Comparison of Plasma & SMARTplasma for Human Immunodeficiency Virus (HIV) and Hepatitis C Virus (HCV) Antibody Testing

The recruitment status of this study is unknown because the information has not been verified recently.
Verified October 2011 by G & W Laboratories Inc..
Recruitment status was  Recruiting
Sponsor:
Collaborators:
Alquest
SMART Biotech Ltd
Information provided by (Responsible Party):
G & W Laboratories Inc.
ClinicalTrials.gov Identifier:
NCT01447680
First received: September 22, 2011
Last updated: October 9, 2011
Last verified: October 2011
  Purpose

The purpose of this study is to compare the results for HIV and/or Hepatitis C Virus antibody testing when using routine plasma versus SMARTplasma from the same blood sample. SMARTplasma is enriched for antibodies via a stimulation step of whole blood in a SMARTube™ (SMARTstim™ in the USA).


Condition
Human Immunodeficiency Virus Infection
Hepatitis C

Study Type: Observational
Study Design: Observational Model: Cohort
Time Perspective: Prospective
Official Title: Clinical Trial Comparing Two Types of Blood Samples (Plasma and SMARTplasma) for HIV and HCV Antibody Testing

Resource links provided by NLM:


Further study details as provided by G & W Laboratories Inc.:

Primary Outcome Measures:
  • Concordance of positive and negative results between normal and treated plasma samples when both are tested with the same HIV and/or HCV Enzyme Linked Immunosorbant Assay (ELISA) [ Time Frame: Blood samples for HIV and HCV testing will be collected at time of consent (day 1). ] [ Designated as safety issue: No ]
    There is one timepoint (day 1)for which the primary outcome measure will be assessed and data will be presented. Samples will be collected, delinked and shipped to core lab within 1 day of collection where samples will be processed and subsequently analyzed for HIV and HCV antibodies. Samples will be frozen and retained for future testing. Results of all testing of correlating SMARTplasma and normal plasma samples will be reported as either positive or negative and these results will be compared for concordance.

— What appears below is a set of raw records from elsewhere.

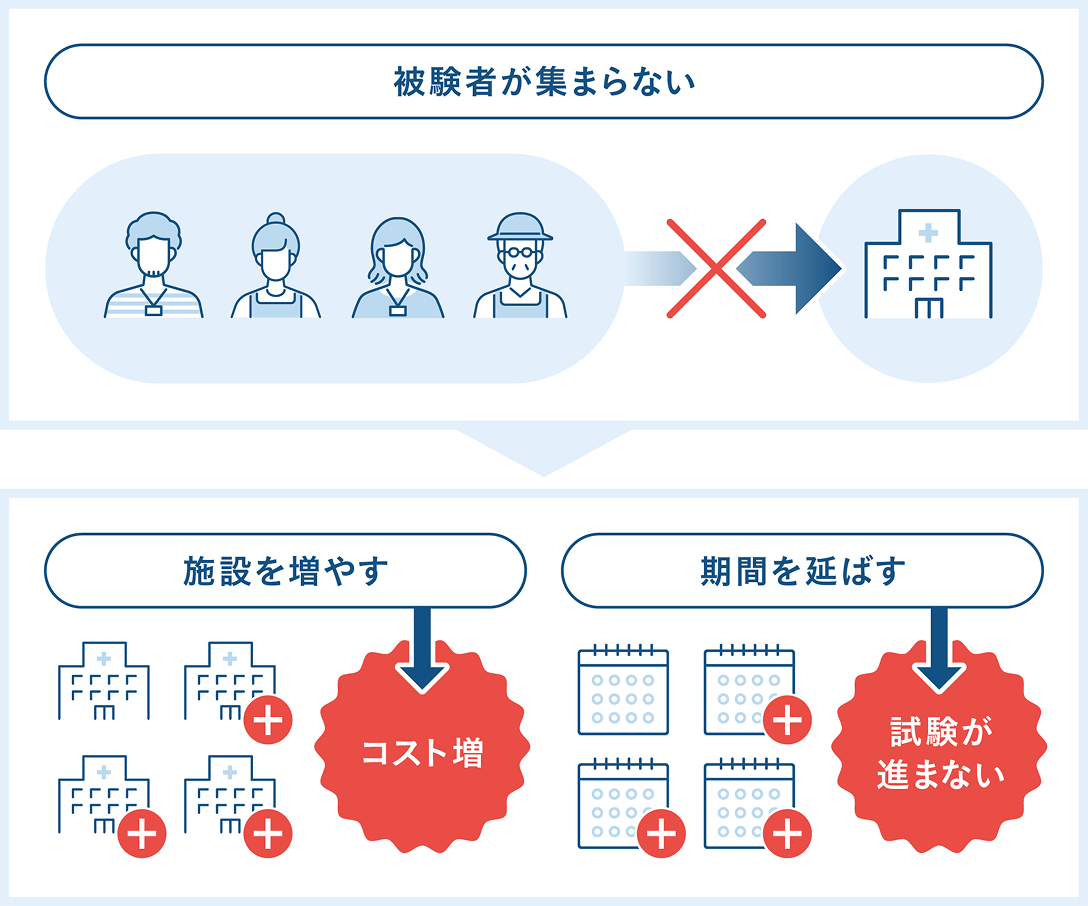 日本は世界的に見ても医療機関数が多く、1施設あたりの被験者数が少なくなりがちです。被験者がなかなか集まらず、試験が進みにくくなります。試験を進めるために、多くの実施施設を立ち上げると、コストが跳ね上がってしまいます。
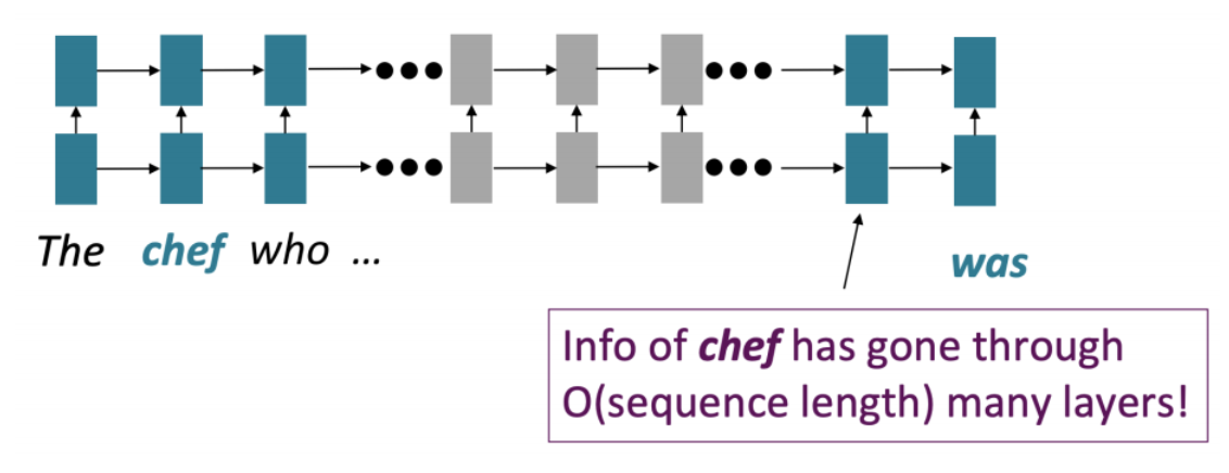 전통적인 Encoder-Decoder RNN의 경우, 입력 시퀀스를 고정된 크기의 벡터로 압축해서 사용한다. 이로 인해 입력과 출력 사이의 거리가 멀어질수록 입력에 포함된 정보가 손실될 수 있다. (장기 의존성 문제)
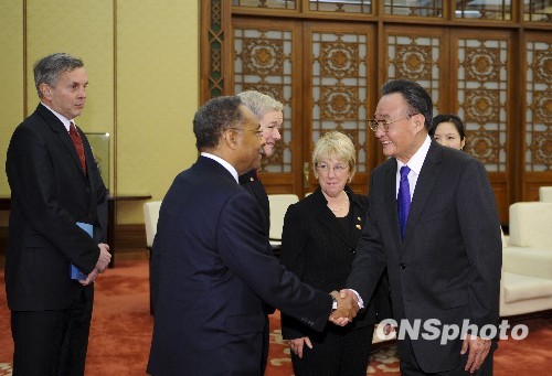 1月13日,中国全国人大常委会委员长吴邦国在北京人民大会堂会见了美国国会参议院代表团一行。中新社发 廖攀 摄
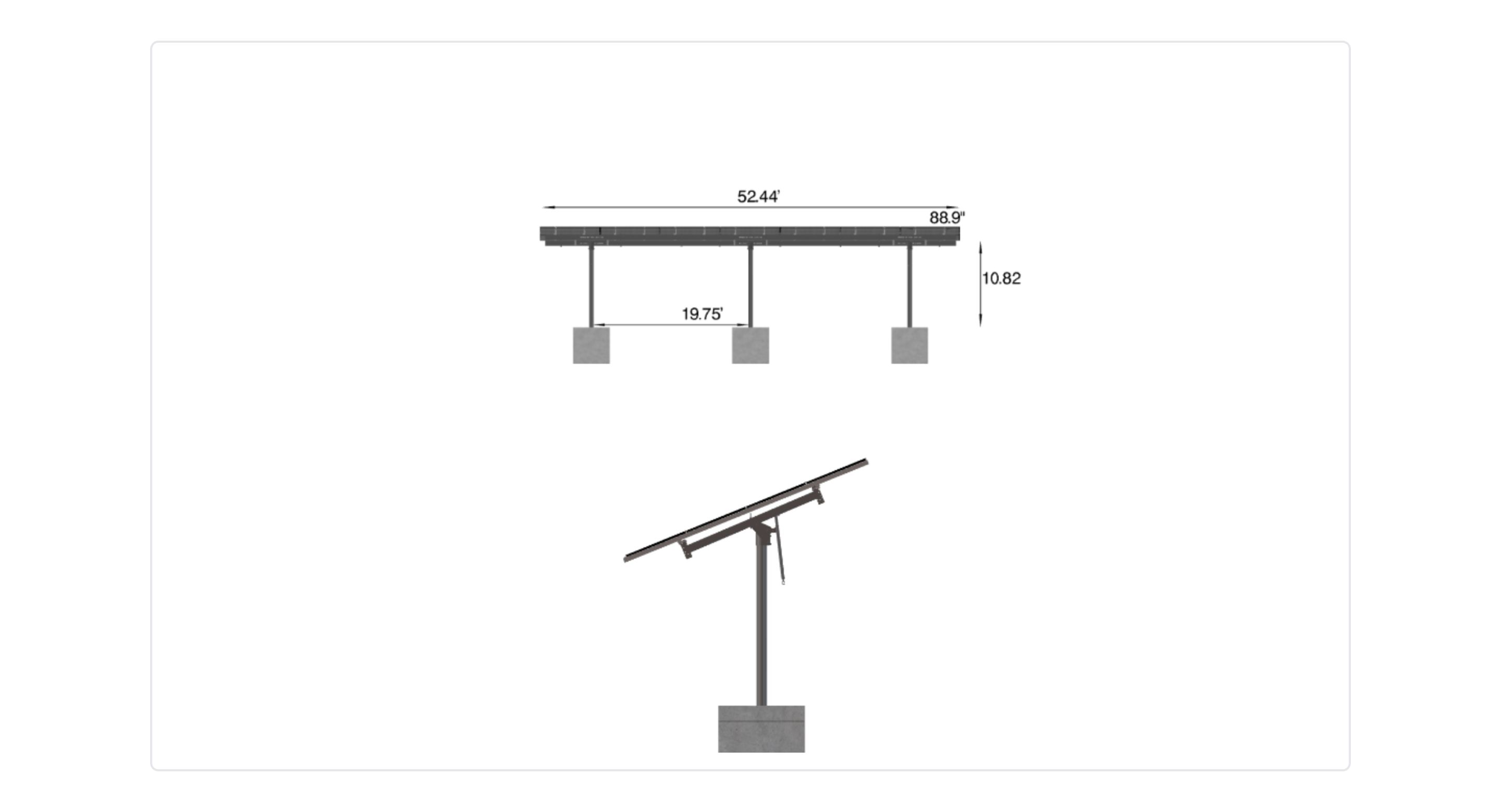 This Pole Mount is designed to meet your site-specific inputs which are modules with dimensions of 88.9 inches by 44.6 inches and an array layout of 7 wide by 5 high.

Secondary Outcome Measures:
  • Sensitivity and specificity of HIV and HCV antibody assays when used with SMARTplasma [ Time Frame: Blood samples for HIV and HCV testing will be collected at time of consent (day 1). ] [ Designated as safety issue: No ]
    Testing to demonstrate that SMARTplasma does not adversely affect diagnostic specificity & sensitivity of the HIV or HCV antibody assay used (no increase in rate of false positives or false negatives); however,samples from persons with early or acute infection may show a positive result when tested with SMARTplasma while those from normal plasma will test negative. Results of all testing of correlating SMARTplasma and plasma samples will be reported as either positive or negative and these results will be compared for concordance.

  • Correlation of results from two different sample types (heparin vs EDTA) [ Time Frame: Blood samples for HIV and HCV testing will be collected at time of consent (day 1). ] [ Designated as safety issue: No ]
    Testing will determine if SMARTplasma samples from collections in heparin or ethylenediaminetetraacetic acid (EDTA) tubes and the correlating SMARTstim sample results are comparable. Results of all testing of correlating heparin and EDTA samples will be reported as either positive or negative and these results will be compared for concordance.

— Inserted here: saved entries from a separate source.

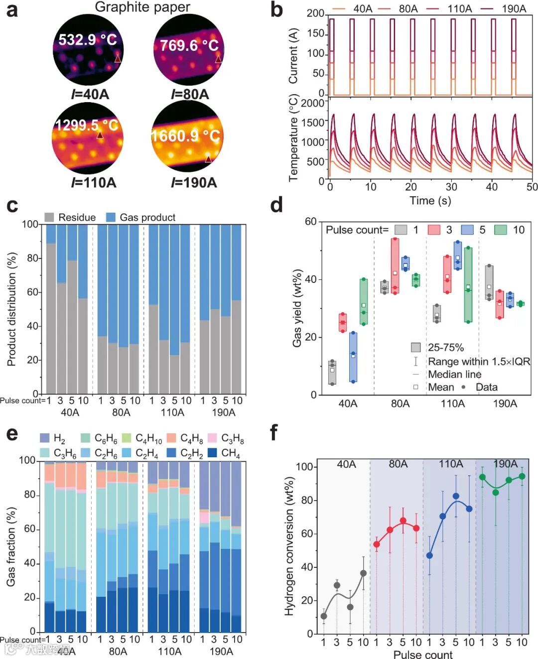 系统在连续10次脉冲后温度波动小于4°C,展现卓越热稳定性。40 A条件下提高脉冲次数提升气体产率,190 A时单次脉冲即实现完全分解,多次脉冲促进氢气与乙炔生成(占比61.2–76.6%),证实脉冲策略对反应路径的有效调控。
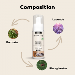 3. Massez délicatement le pelage de votre animal pour permettre à la mousse de pénétrer en profondeur et de déployer ses vertus nettoyantes et odorantes.
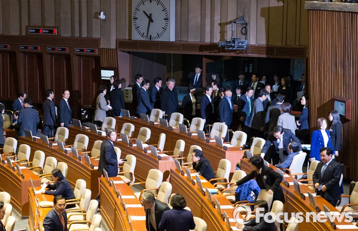 (서울=포커스뉴스) 2일 오후 서울 여의도 국회에서 열린 340회 국회(임시회) 7차 본회의에서 국민보호와 공공안전을 위한 테러방지법안에 대한 수정안(주호영 의원 외 156인 발의)이 표걸되자 야당 의원들이 퇴장하고 있다. 테러방지법안은 재석 157인 중 찬성 156인, 반대 1인으로 통과됐다.
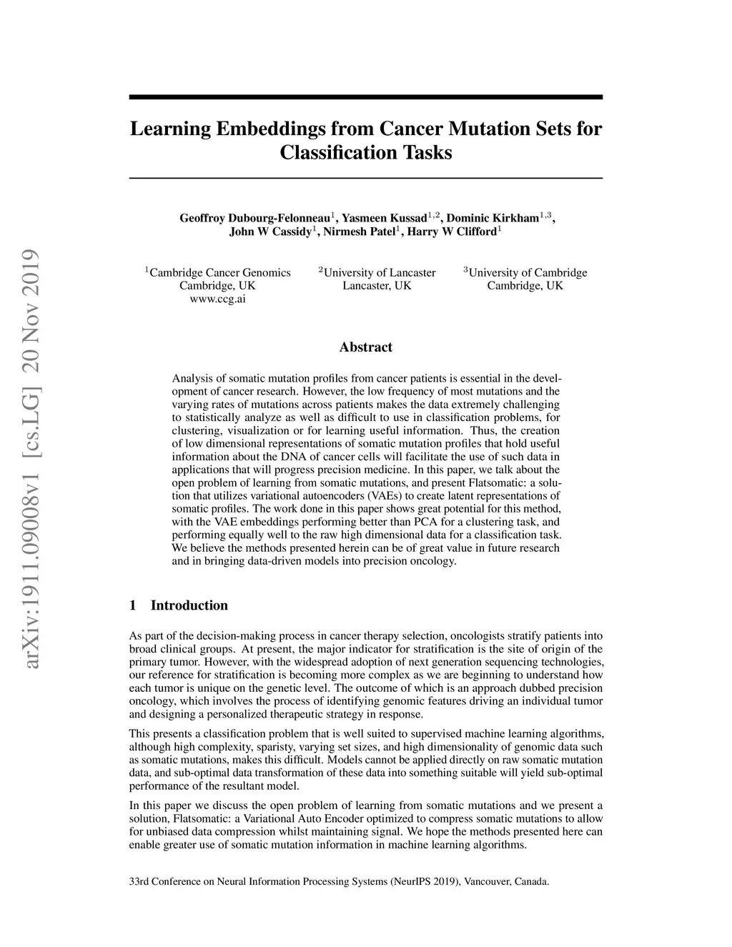 Learning Embeddings from Cancer Mutation Sets for Classification Tasks
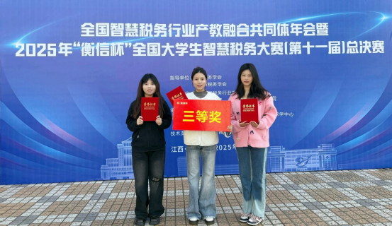 11月28日—30日,由全国智慧税务行业产教融合共同体、江西财经大学主办,浙江衡信教育科技有限公司提供技术支持的2025年“衡信杯”全国大学生智慧税务大赛总决赛成功举办。柳州工学院经济管理学院“柳江税帆”队(团队成员:贺思怀、翁玲玲、王敏;指导教师:李斯丝、钟声晓)在比赛中发挥出色,荣获全国三等奖。

  • Correlation of results from refrigerated versus frozen then thawed samples [ Time Frame: Blood samples for HIV and HCV testing will be collected at time of consent (day 1). ] [ Designated as safety issue: No ]
    Following testing for HIV and HCV antibodies (primary outcome measure), an aliquot of each SMARTplasma test samples will be frozen, thawed and retested for HIV and HCV antibodies side-by-side with a corresponding fresh/refrigerated (non-frozen and thawed) sample. Testing will determine if SMARTplasma samples that have been frozen and thawed prior to testing show comparable results to correlating SMARTplasma samples that have been refrigerated. Results will be reported as either positive or negative and these results will be compared for concordance.


Biospecimen Retention:   Samples Without DNA

Plasma and SMARTplasma (SMARTplasma is plasma sample from whole blood treated with SMARTstim)


Estimated Enrollment: 1600
Study Start Date: August 2011
Estimated Study Completion Date: December 2011
Estimated Primary Completion Date: December 2011 (Final data collection date for primary outcome measure)
Groups/Cohorts
Blood samples, low risk population
Blood samples, high risk population
Blood samples, known HIV positive

Detailed Description:

Following exposure to HIV and HCV, there is a "window period" where a person is infected with the virus but does not produce antibodies at a high enough level so they can be detected by antibody detection test methods. During this time, the person is capable of unknowingly transmitting the virus to others. SMARTstim (SMARTube)is a blood sample additive which pre-treats blood, stimulating antibody production in vitro so as to bring it to detectable levels using ELISA (or any other antibody test method). Accelerated antibody production allows antibody detection in specimens that would otherwise be below the detectable limit of antibody test kits. Plasma samples from blood pretreated with SMARTstim are referred to as "SMARTplasma".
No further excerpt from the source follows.